La fin du mois de janvier a, en effet, été marquée par le retour du cycle de concertation sur le développement du Sud. Après le Conseil national économique et social (Cnes) qui avait organisé, en 2011, des rencontres régionales à travers le pays, c'est au tour du gouvernement de prendre le relais et se pencher de nouveau sur cette question mais spécifiquement dans le Sud, où le retard est énorme tant sur le plan social qu'économique. Un problème qui concerne également les autres régions, mais dont l'ampleur est tout de même plus importante au Sud où les potentialités de développement sont pourtant nombreuses. Elles ne cherchent qu'à être saisies. Avant tout, il faudrait arrêter une démarche claire sans tourner en rond. Les membres de l'exécutif chargés de cette mission réussiront-ils à le faire ' D'emblée, à l'issue de leur première sortie sur le terrain, ils n'ont rien proposé de sorcier. Ils n'ont fait que rappeler la nécessité d'engager la concertation entre tous les acteurs. Ce qui a déjà été évoqué comme suggestion. Idem pour l'emploi, les propositions
du Cnes n'ont pas un caractère nouveau. Son président n'a fait que soumettre une proposition visant l'implication de la société civile dans les politiques publiques portant la promotion de l'emploi et l'intégration socioprofessionnelle des jeunes, faite à Alger. C'est du déjà vu.
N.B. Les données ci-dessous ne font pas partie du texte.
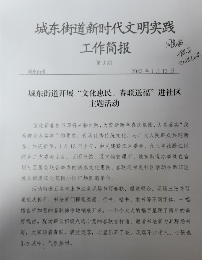 城东街道开展“文化惠民、春联送福”进社区 主题活动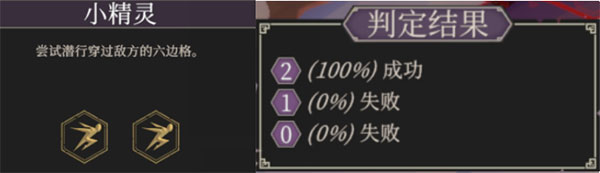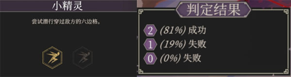 像这里,小编就是想对兽人老师发起埋伏。这时,判断槽会自动识别出我们这个动作需要测试的属性【意识属性】以及需要判断的次数。同时游戏中也会实时显示对应角色的成功概率。

Mais, en termes d'applications c'est toujours l'attente.
Encore une fois, on continue de faire dans le replâtrage et le relooking puisque les propositions sont les mêmes -juste les formules qui changent- au lieu d'aller à des actions concrètes. C'est à l'image de tous les autres dossiers dont la prise en charge se fait toujours désirer au moment où les retards ne font que s'accumuler.
S. I.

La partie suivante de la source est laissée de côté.